Feb 21, 2019

Performance measurement of JavaScript solutions to common algorithmic questions (part 1)

I stumbled upon a tweet and then a post by Emma Wedekind. She goes over some solutions to most common interview questions for JavaScript positions. There are three different problems. And for each she offers a brute force and an optimized solution, where the latter is a shorter and more elegant version, that normally uses functional programming style over C-style loops. I wouldn’t call them brute force and optimized though, rather naive and elegant.

The naive solution anyone can write as soon as they grasp the very basic concepts of the language and understand the problem. The elegant solution requires a better knowledge of the standard library. The code becomes clearer and more succinct. But that sometimes comes with a performance penalty that is not very obvious at the first glance. In this post I wanted to go over some of those less obvious points.

Reverse a string

Take the first problem: reverse a string. To make it simpler, let’s first assume we have only basic ASCII or single code point UTF-16 characters in our string we want to reverse. I’ll touch on what to do if it’s not the case later.

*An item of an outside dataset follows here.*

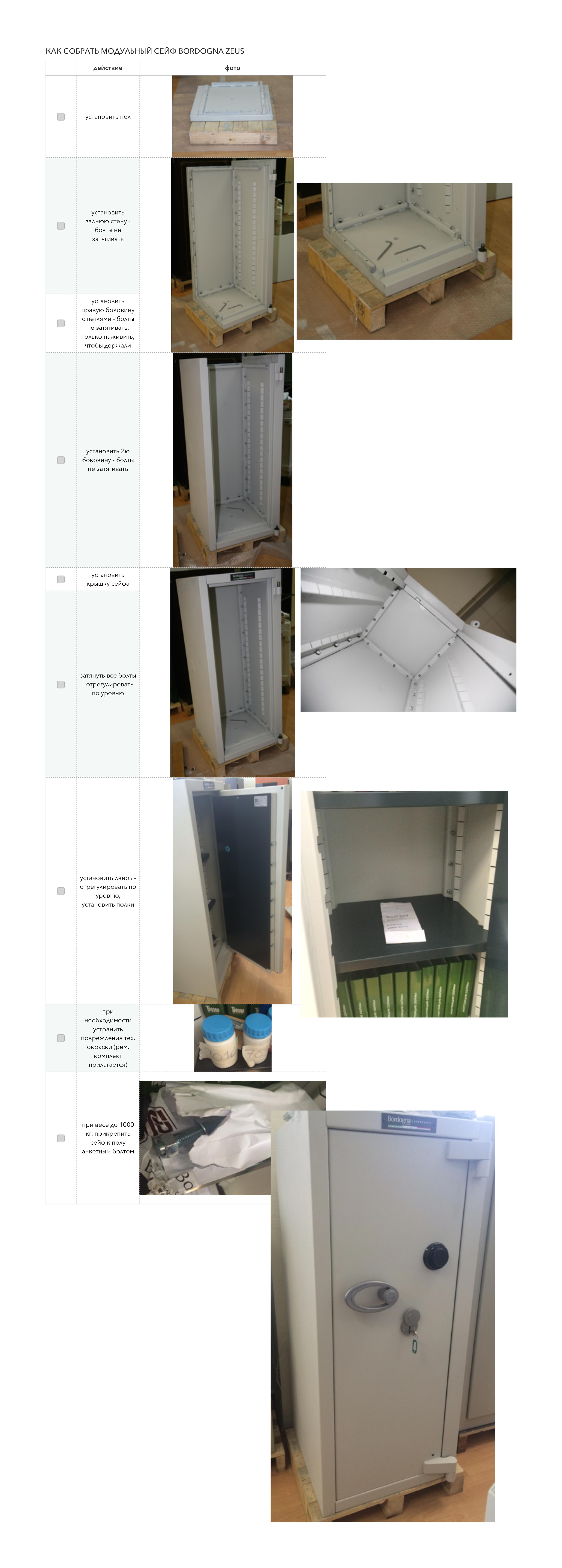 Поставляется по РФ в разобранном виде (1 европаллета), удобная сборка, фото-инструкция прилагается. Базовая спецификация оснащена одним ключевым и одним механическим кодовым замками. По предварительному заказу возможна установка любого сочетания замков: ключевой + электронный, механический + электронный, два независимых электронных замка. Электронные замки могут быть как базовые, так и разной степени продвинутости. В том числе доступен и самый передовой на рынке Техмастер, с возможностью управления обоими замками с одной клавиатуры.

function reverseString(str) {
    let reversedString = '';

    for (let i = str.length - 1; i >= 0; i--) {
        reversedString += str.charAt(i);
    }

    return reversedString;
}

Here we append the characters from the back of the original string to the begging of an empty string one by one. This way we get the reversed string. A non obvious thing that happens here is the string reallocation. Strings in JavaScript are immutable which means every time we modify a string a copy is created. I’m sure there are some clever optimizations to not to reallocate too much and not to create too many useless copies. But the fact is, some array has to grow and some reallocations and copying must be happening. Every time a reallocation happens some new memory gets reserved and all the bytes of the old string get copied to the new place. This takes extra time which is invisible if you look at the code. It would be best to preallocate the memory, since we know how many characters we are going to need ahead of time. As far as I know there’s no way to do that in JavaScript.

function reverseString(str) {
    return str.split('').reverse().join('');
}

This solution is for sure much clearer and more elegant. It’s much easier to reason about the code. It’s instantly obvious what the function does.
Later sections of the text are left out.